In turn, moments have occurred that would be impossible on some normal show with a flashy set and the usual slick-production parameters. (Though Colbert did fire off some swears one night to make sure that the CBS censors weren't asleep at the switch--and they were not.)
For instance, after they got the audio sorted out, Radcliffe showed off the Jurassic Park entrance he'd built entirely out of LEGOs, complete with a T-Rex lurking behind the doors. Jesse Eisenberg talked to Conan O'Brien from an RV in Kansas. Jimmy Fallon had a heart-to-heart with his wife on a walk and, a few nights later, interviewed his dog.
Lady Gaga was supposed to break news with Fallon on Wednesday, but when he got her on the phone she asked if he wouldn't mind bumping their FaceTime chat to Friday. Then she called back and said Monday would actually be better for her.
None of this is normal--in fact, much of it is quite weird--but it is nice to have something going along as it usually would, even if the finished product is literally homespun.
Most comfortingly, the respective hosts' personalities still shine through, and Fallon, with his kids playing video games in the background next to the indoor slide; Colbert with his cocktails in front of the bookshelf; and Cohen with his disco ball-lit clubhouse-for-one are as organic an offshoot of their regular show personas as you could want.
Samantha Bee, recording "Full Frontal" in the woods outside her home in upstate New York where she's hunkered down with husband/cameraman Jason Jones and their three kids, is still bothering to look polished from head to toe (funny how that works), while an unshaven Trevor Noah is taking advantage of his apartment's sweatshirt dress code while he video-chats with his correspondents and in-demand guests such as Dr. Anthony Fauci and California Gov. Gavin Newsom on The Daily Social Distancing Show.
Colbert started out in at least the top half of a suit and tie (even when he was shooting online-only monologues from the bathtub) before switching to a more casual button down and blazer duo. Jon Batiste is playing The Late Show in and out in his bathrobe (yet is still one of the sharpest dressed men on TV). Kimmel's wearing a button-down, but may have stopped brushing his hair. And Seth Meyers, true to form, looks like the best-dressed guy in the writers' room--as you would want to be when you're interviewing Sen.

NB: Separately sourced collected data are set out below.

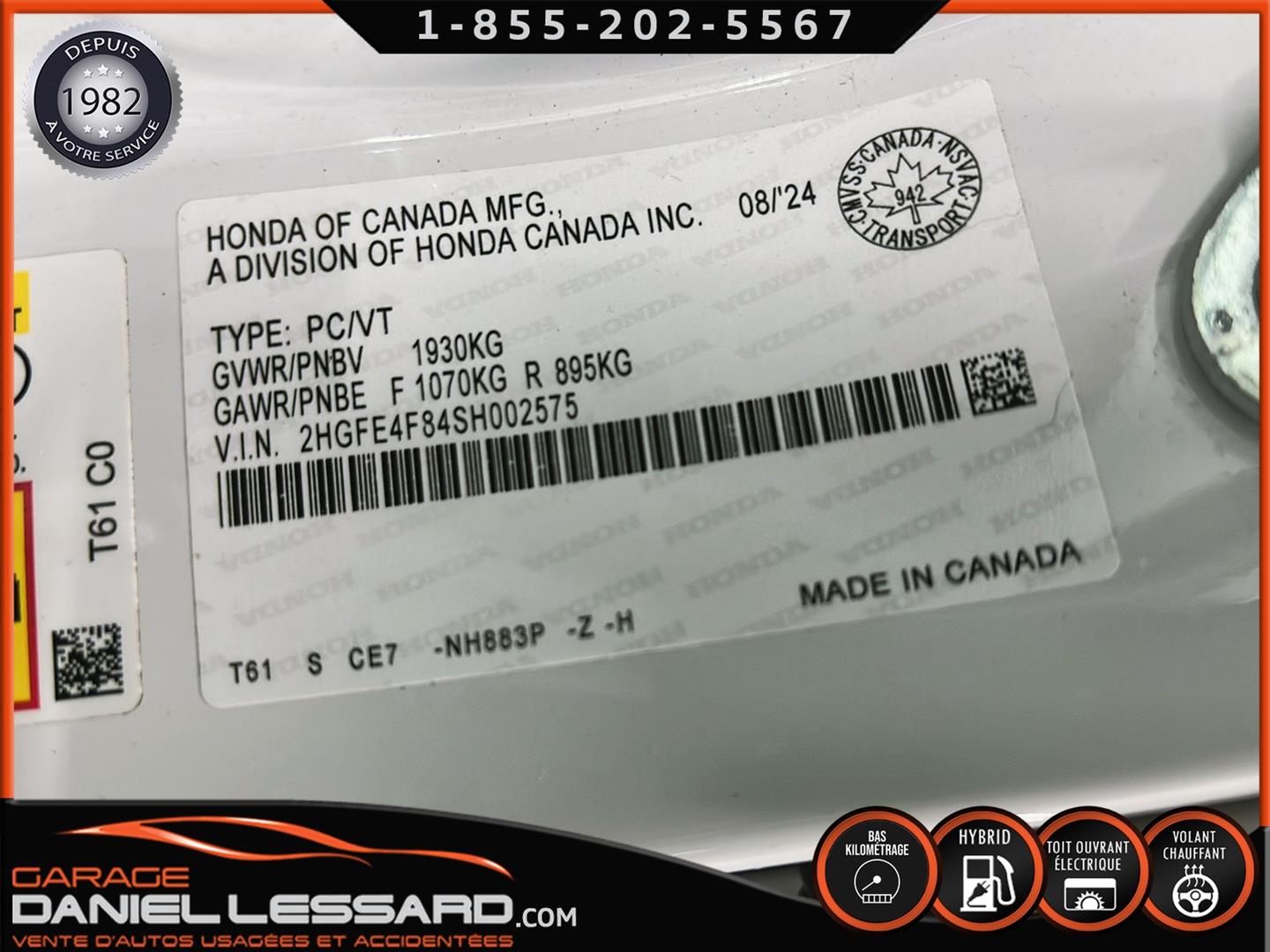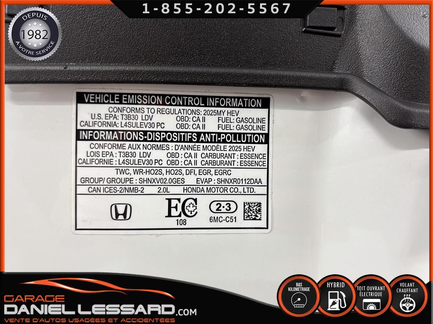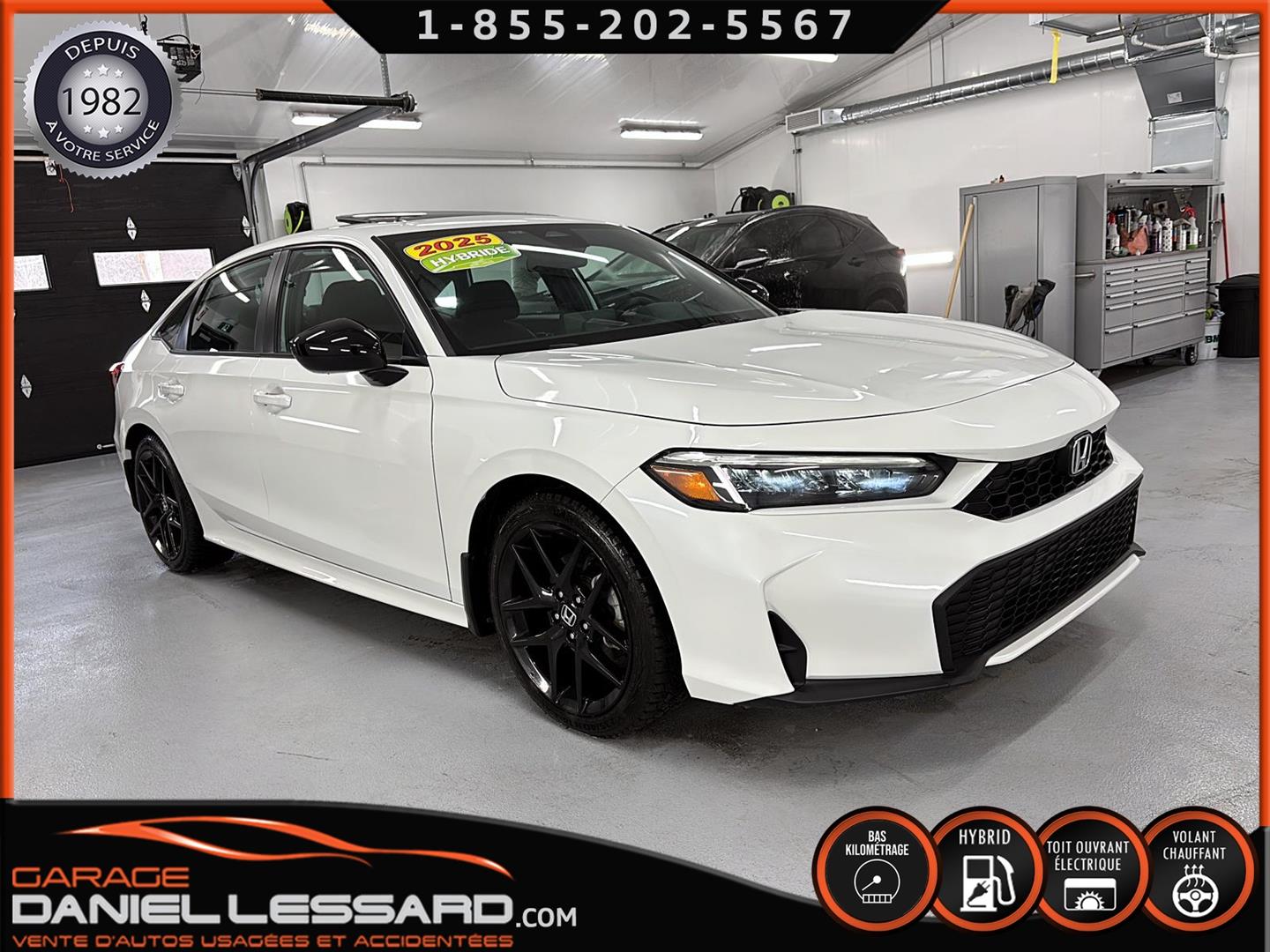 HONDA CIVIC ** HYBRID SPORT ** 2025, BAS KM, MOTEUR 2.0 LITRES, AUTOMATIQUE, CONTROL AUDIO, TÉLÉPHONIQUE, CRUISE CONTROL ET VITESSE AU VOLANT, BANC AVANT ET VOLANT CHAUFFANT, PUSH START, CLIMATISATION 2 ZONES, TOIT OUVRANT, MODE SPORT, NORMAL ET ECO, MAGS AVEC PNEU D'HIVER CONTINENTAL ICE CONTACT 235 / 40 / 18 AVEC 30% D'USURE, ANGLE MORT, CAMERA DE RECUL, GARDE BOUE, 1 SEUL CLÉ AVEC DÉMARREUR A DISTANCE, TAPIS DE CAOUTCHOUC AVANT ET ARRIÈRE ET LA LOCK NUT,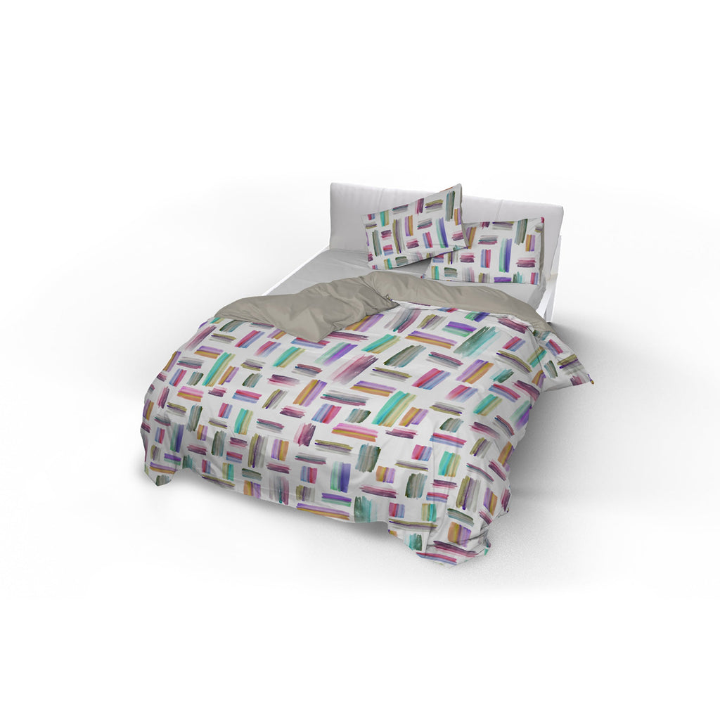 Housse de couette avec impression sur le sac et taies d'oreiller double face multicolores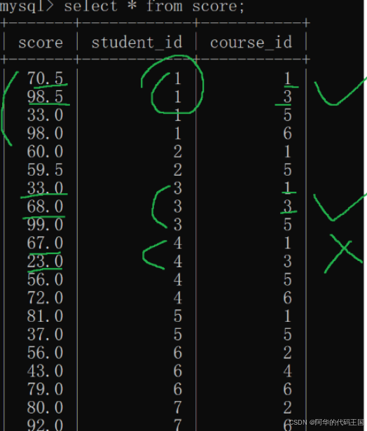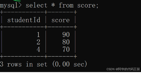 应用场景:显示 “课程3” 比 “课程1” 分数高的 同学 的 信息 (1):查表 select * from score;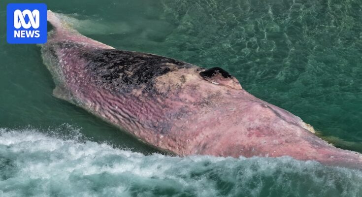 https://www.abc.net.au/news/2026-04-11/decomposing-whale-carcass-relocates-open-water-swim/106537682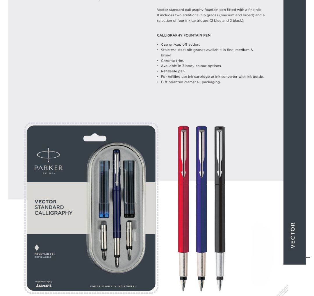 The Parker Vector Standard Calligraphy Fountain Pen is a versatile writing instrument developed for calligraphy, creative lettering, and professional writing applications. Built with a durable high-gloss plastic barrel and chrome trim, this fountain pen delivers consistent performance suitable for repeated use in educational and professional environments.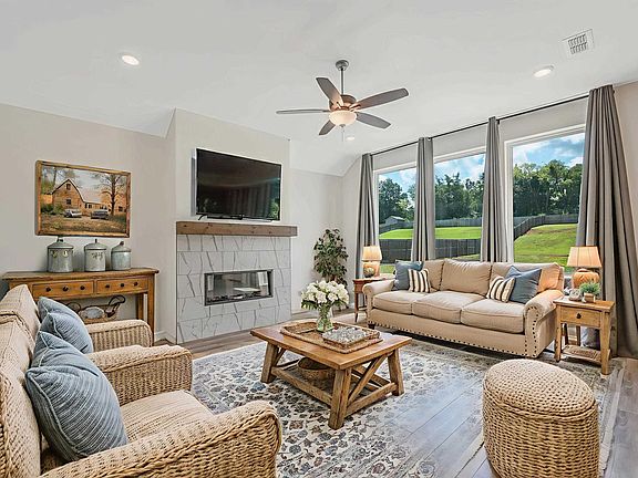 Nestled in the serene landscapes, this exquisite estate offers a harmonious blend of luxury, comfort, and natural beauty. Spanning 1,893 square feet on a sprawling .83 acre lot, this meticulously crafted residence is a haven of sophistication and tranquility, perfect for those seeking an unparalleled lifestyle in the heart of East Texas. Step into a world of refined elegance as you enter this stunning home, where every detail has been thoughtfully designed to elevate your living experience. The grand foyer welcomes you with soaring ceilings and gleaming floors, setting the tone for the impeccable craftsmanship found throughout. The open-concept living area, bathed in natural light, features a stately fireplace and expansive windows that frame breathtaking views of the lush, manicured grounds. The gourmet kitchen is a chef’s masterpiece, boasting top-of-the-line stainless steel appliances, custom cabinetry, a spacious center island, and luxurious countertops. Whether hosting intimate gatherings or grand celebrations, this culinary haven seamlessly connects to the formal dining room, creating an ideal setting for unforgettable moments. The primary suite is a private retreat, offering a sanctuary of relaxation with its generous proportions, new carpet and spa-inspired ensuite bathroom with soaking tub, dual vanities, and oversized walk-in shower, complemented by ample closet space. Additional bedrooms are equally well-appointed, providing comfort, new carpet, and versatility for family, guests, or a dedicated home office. The outdoor spaces of this estate are nothing short of spectacular. A sprawling patio, perfect for al fresco dining and entertaining, overlooks the meticulously landscaped grounds that create a serene backdrop with a 30x30 concrete pad. The property’s expansive acreage offers endless possibilities. Conveniently located, this estate offers the perfect balance of rural charm and modern convenience. Just minutes from the vibrant amenities of Tyler.

Elizabeth Warren.
But even when they're dressing down, phoning it in has never taken so much work.
"We have to write, produce and record everything much earlier in the day because, since everyone is home, the post process takes much longer," said Daily Show executive producer Jen Flanz told The Hollywood Reporter.
"Instead of watching the final show edit in the control room or an edit bay," she explained, "we're now screening final show edits on FaceTime held up to an editor's home computer screen. It's super janky, but it works."
It really does. This format may not be sustainable forever (Fallon isn't climbing the walls yet, but he is climbing trees) and there is a subtle air of melancholy to these proceedings, no matter how delicious Ryan Reynolds can't help but still be, even from a questionable camera angle, or how funny and charming Julia Louis-Dreyfus (Kimmel) Tina Fey (Tonight Show) and Amy Poehler (Late Night) are under any circumstances.
But what we're seeing night after night is a bunch of dedicated people doing their darndest to put on a show, pushing aside their own anxieties for a few hours so that they can assuage ours.
Anxiety and fear being a few of the things not in short supply right now.
(E!, Bravo and NBC are all members of the NBCUniversal family.)